What the Experts Say

The general consensus among major health and pediatric organizations (UNICEF, the American Academy of Pediatrics, the American Dietetic Association, and the US Department of Health and Human Services, to name a few) is that babies need nothing more than breast milk or formula for the first full six months of life. Until that point, they’re getting very adequate nutrition. Your grandma may advise that she gave all her babies cereal at two weeks old (or something along those lines) and they did fine with it. But babies’ digestive systems aren’t automatically equipped at birth to handle the types of foods that adults eat; they continue to develop and mature over the first year or so.

Let’s take a look at these immature digestive systems for a moment.
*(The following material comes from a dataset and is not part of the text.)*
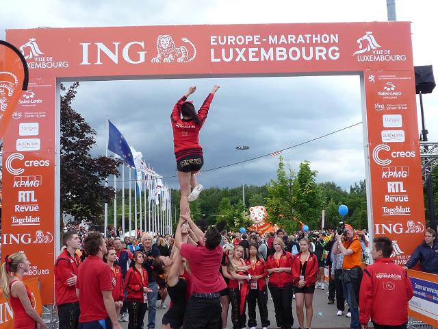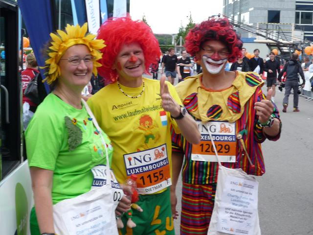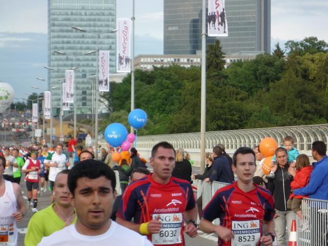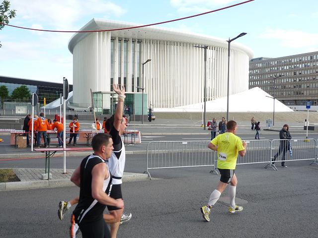 Gleich nach dem Start geht es nach einer scharfen Linkskurve aufwärts, dann aber haben wir erst einmal ein paar entspannende Kilometer vor uns, gerade recht zum Warmlaufen und zur Auflockerung des Läuferfeldes, Kilometer, die mir die Stadt von einer für mich unerwartet naturnahen Seite zeigen. Weite Wiesen und Wälder am Horizont bestimmen die ersten beiden Kilometer, die wir auf dem lang gezogenen Bogen des Boulevard Pierre Frieden am Rande Kirchbergs zurück legen. Schon hier spielen die ersten der 45 Muskgruppen, die uns an der Strecke erwarten, auf. Auch die folgenden drei Kilometer, in uns in einer Schleife über die noch jungen Allee-Boulevards Konrad Adenauer und Prince Charles - welch große Namen für solch einsame Straßen - führen, sind äußerst naturverbunden und von nur lockerer Wohnbebauung unterbrochen.

Babies, in the first four to six months of life, have what’s referred to as an “open gut”: there are spaces between the cells of the small intestine. The reason for this is so that beneficial nutrients and antibodies from the milk that Baby drinks can pass easily into the bloodstream. However, the spaces also allow for large proteins from other foods to pass through, which can predispose Baby to food allergies.

Babies’ digestive systems lack the resources to process foods at the rates that adult systems do. The enzymes that digest the food don’t reach adult rates until nearly the end of the first year. If solid foods are started before a baby’s system is completely ready, it can cause uncomfortable effects such as gas or constipation – which, in turn, can lead to irritability and fussiness.

There are more reasons than those listed above to delay the introduction of solid foods, experts say. According to a 1998 study conducted by a team of pediatricians and research dietitians, early introduction of solids is linked with increased weight and body fat percentages in childhood. And if you wait to feed Baby solid foods until he’s older, the time period between you feeding him, and him being able to feed himself, will be shorter.